··· MATERIAL FOR THIS EXERCISE

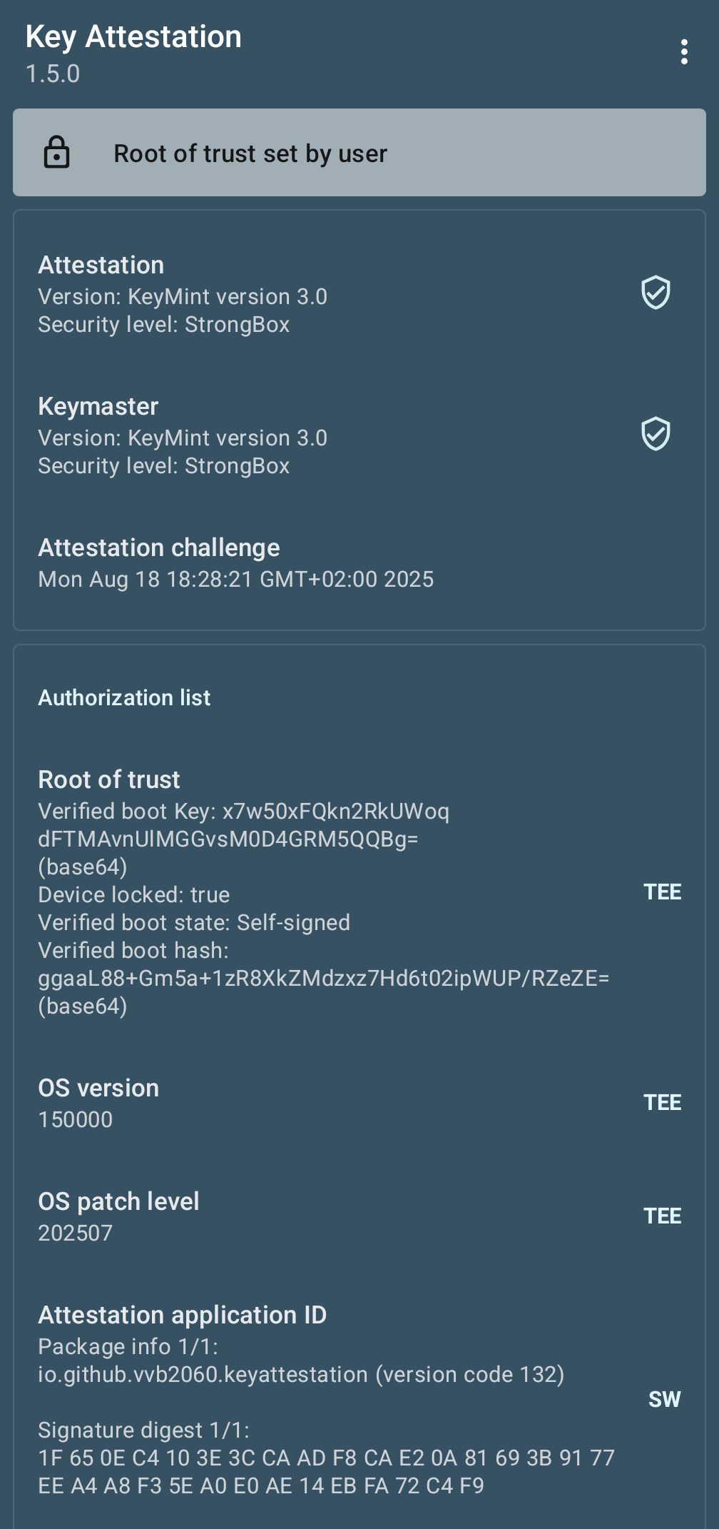 Is this Key Attestation Result supposed to be like that? On my older phone where I’ve installed the LSPosed module to hide the bootloader state it says that the bootloader is locked
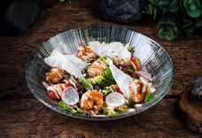 280 г • Обжаренные тигровые креветки в темпуре. Подаются с миксом салата, редисом, томатами черри, устричным соусом и соусом из васаби и цитруса
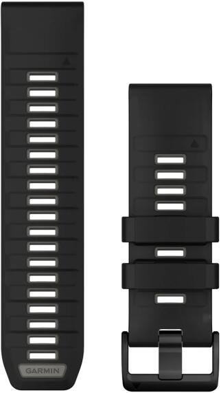 Fekete színű szilikon gyorscserés óraszíj, kavicsszürke színű betéttel és fekete csatal. A szíj belső fele szintén vkavicsszürke, ehhez a mérethez 2db bujtatót kapsz.
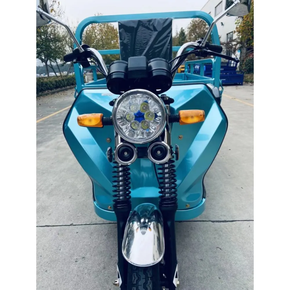 Техника изготовлена из высокопрочного материала, который в ходе эксплуатации не теряет своих характеристик. Производитель учел все пожелания и оснастил модель шасси с гидравлическими амортизаторами. Для безопасности движения у электротрицикла барабанные передние и задние тормоза. Транспорт имеет мотор мощностью 1000 Вт, что позволяет развивать скорость до 30 км/час. Количество циклов разрядки/зарядки составляет 700. Ресурса батареи хватает на 15 тыс.км. Это доступный вид транспортного средства с максимальной нагрузкой до 350 кг груза, не требует сложного обслуживания.
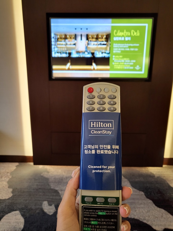 벽면에 42인치 LED TV가 설치되어 있다. 텔레비전 리모컨에도 객실 출입문에 붙어있던 스티커처럼 청소를 완료했다는 Clean Stay 스티커가 부착되어 있다.
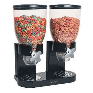 The patented Zevro cereal dispenser prevents cereal or other dry foods from going stale. Kids will find it fun turning the knob and watching the cereal fall perfectly into their bowl while moms can be assured that kids will not be spilling cereal all over the kitchen. Best of all, the dispenser is hermetically sealed which preserves the freshness of dry food. Simply place a bowl under the dispenser and twist a knob to get a controlled portion. The simple, elegant design features two clear, see through, high quality plastic container's which hold one cereal box each. Very easy to clean and fit on most countertops.
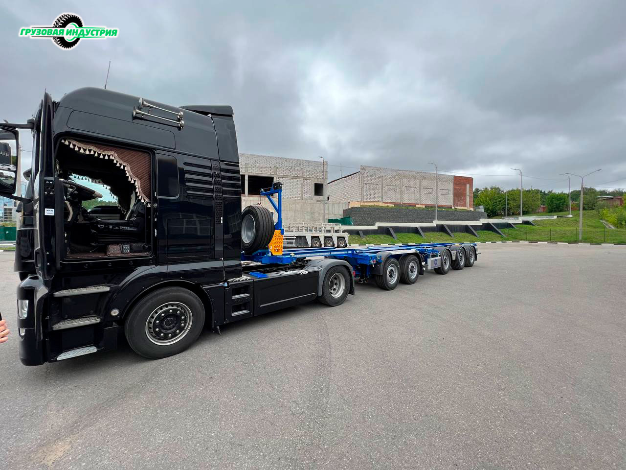 Отгрузка универсального полуприцепа тандемного контейнеровоза Meusburger Новтрак SW-570 в Москву
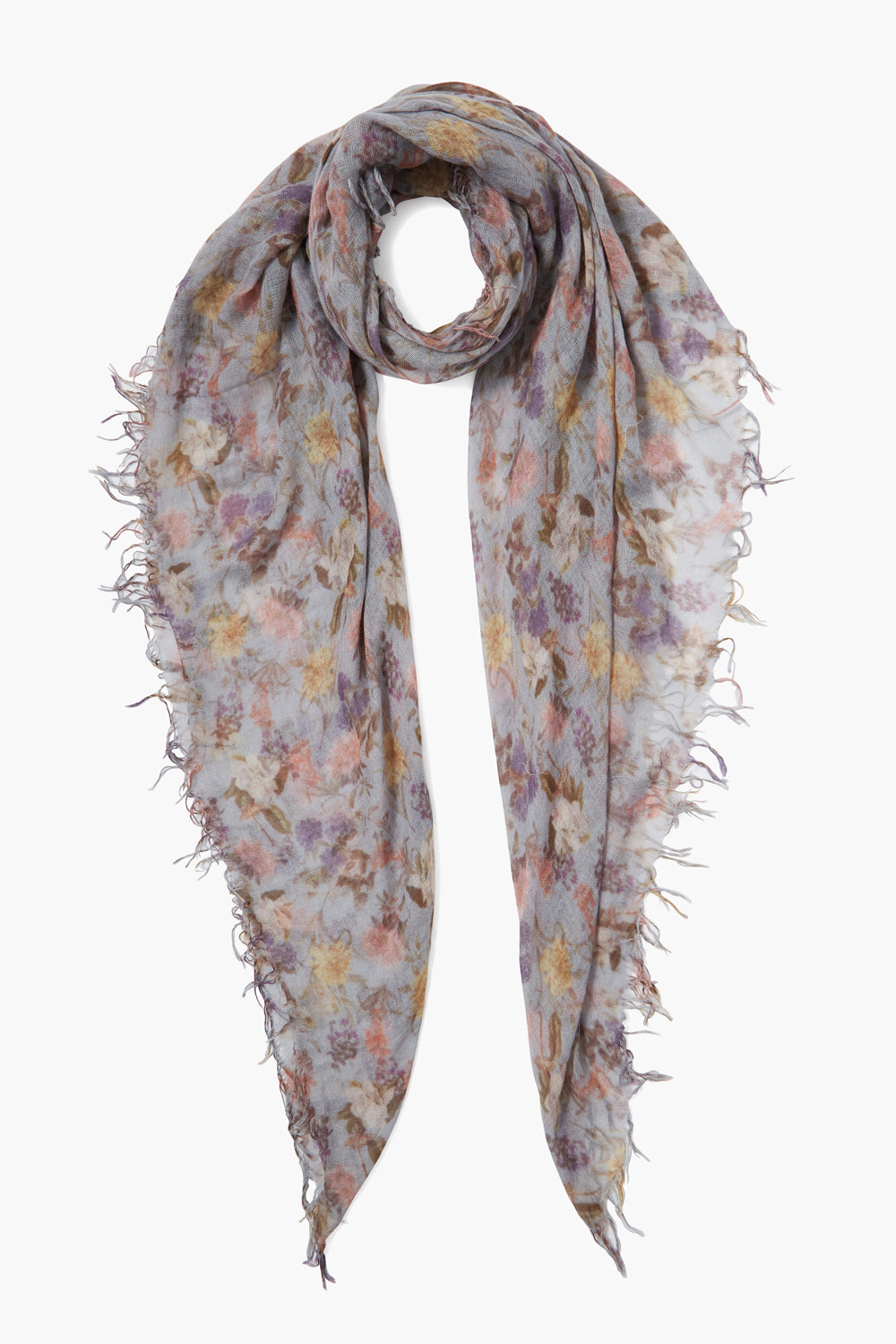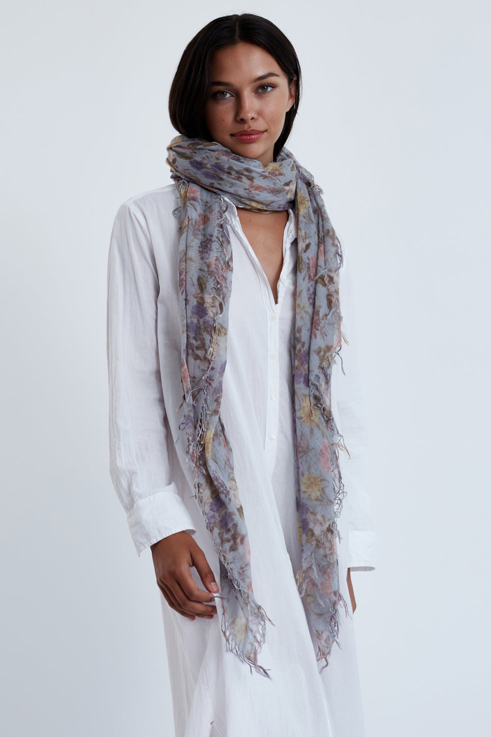 CASHMERE SILK FLORAL PRINT SCARF - PLEIN AIR
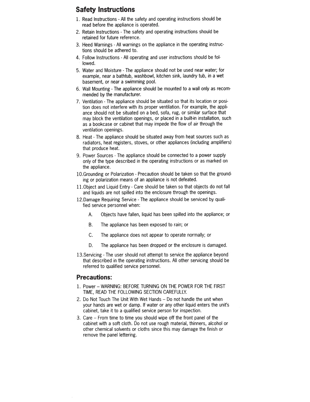 Russound KPSC - Safety Instructions; General Safety Guidelines; Operational Precautions; Handling and Care Precautions
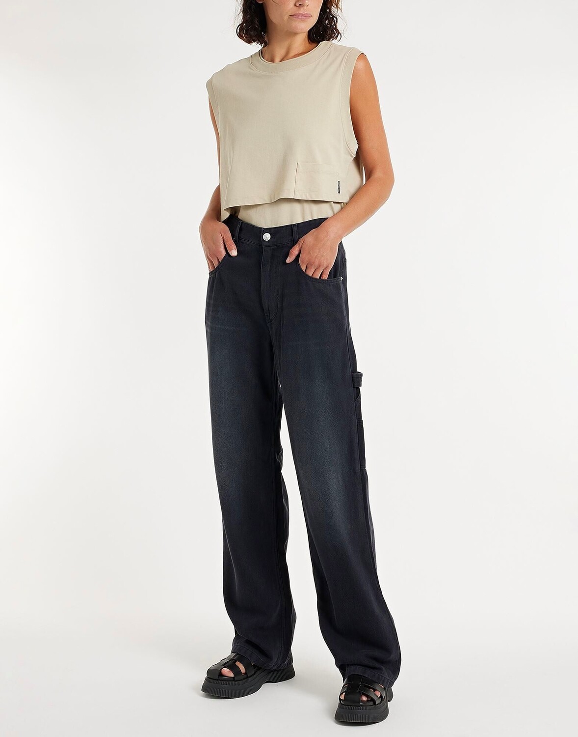 Джинсовая ткань, без аппликаций, одноцветное изделие, цветная стирка, завышенная талия, свободный крой, застежка-молния, множество карманов, машинная стирка, нельзя сушить в машине, мешковатые джинсы
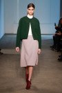 Last year the Hugo Boss group hired Jason Wu as their designer for Boss Women. Given the brand’s roots, tailoring was the focus of Wu’s first collection. Spare and minimal in cut and finish, the tailoring did have subtle femininity and movement. Wu worked in cashmere and silk in a classi palette of black, camel and gray. One of the strongest silhouettes was a long coat, slightly rounded at the shoulder, belted with an A-line skirt. It came in stricter variations with stiff collars and pretty plaid and leather panels for decorative interest.
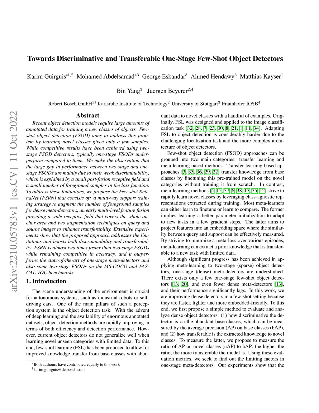Towards Discriminative and Transferable One-Stage Few-Shot Object
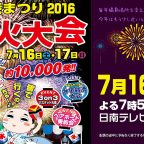 日南テレビ! では、花火大会の模様を7月16日(土)よる7:55頃から生配信でお届けする予定です(荒天時は17日)。
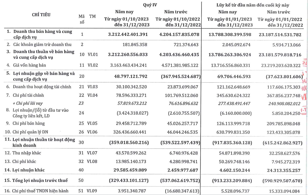 Dù tiết giảm các khoản chi phí, trong đó chi phí tài chính giảm 23% và chi phí bán hàng giảm 35%. Nhưng chi phí quản lý doanh nghiệp gần 330 tỷ đồng, chủ yếu là do trích lập dự phòng nợ xấu 300 tỷ đồng vẫn khiến công ty lỗ ròng 330 tỷ đồng trong quý 4/2023.
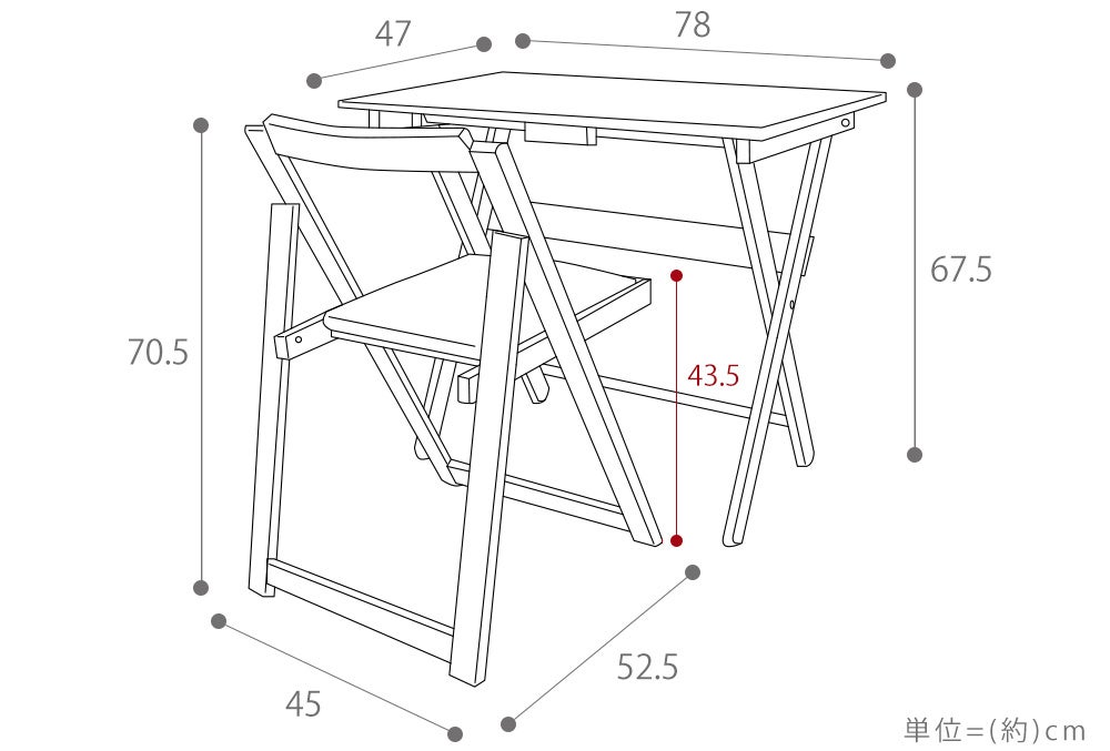 - サ イ ズ :<デスク>(約)幅78×奥行47×高さ67.5cm、<チェア>(約)幅45×奥行52.5×高さ70.5cm(座面高さ)43.5cm

······

Output the line containing "Russound KPSC - Safety" along with every line after it to the end of the material, exactly as written, but without pictures.

*ANSWER:*
 Russound KPSC - Safety Instructions; General Safety Guidelines; Operational Precautions; Handling and Care Precautions
 Джинсовая ткань, без аппликаций, одноцветное изделие, цветная стирка, завышенная талия, свободный крой, застежка-молния, множество карманов, машинная стирка, нельзя сушить в машине, мешковатые джинсы
 Last year the Hugo Boss group hired Jason Wu as their designer for Boss Women. Given the brand’s roots, tailoring was the focus of Wu’s first collection. Spare and minimal in cut and finish, the tailoring did have subtle femininity and movement. Wu worked in cashmere and silk in a classi palette of black, camel and gray. One of the strongest silhouettes was a long coat, slightly rounded at the shoulder, belted with an A-line skirt. It came in stricter variations with stiff collars and pretty plaid and leather panels for decorative interest.
Towards Discriminative and Transferable One-Stage Few-Shot Object
 日南テレビ! では、花火大会の模様を7月16日(土)よる7:55頃から生配信でお届けする予定です(荒天時は17日)。
 Dù tiết giảm các khoản chi phí, trong đó chi phí tài chính giảm 23% và chi phí bán hàng giảm 35%. Nhưng chi phí quản lý doanh nghiệp gần 330 tỷ đồng, chủ yếu là do trích lập dự phòng nợ xấu 300 tỷ đồng vẫn khiến công ty lỗ ròng 330 tỷ đồng trong quý 4/2023.
 - サ イ ズ :<デスク>(約)幅78×奥行47×高さ67.5cm、<チェア>(約)幅45×奥行52.5×高さ70.5cm(座面高さ)43.5cm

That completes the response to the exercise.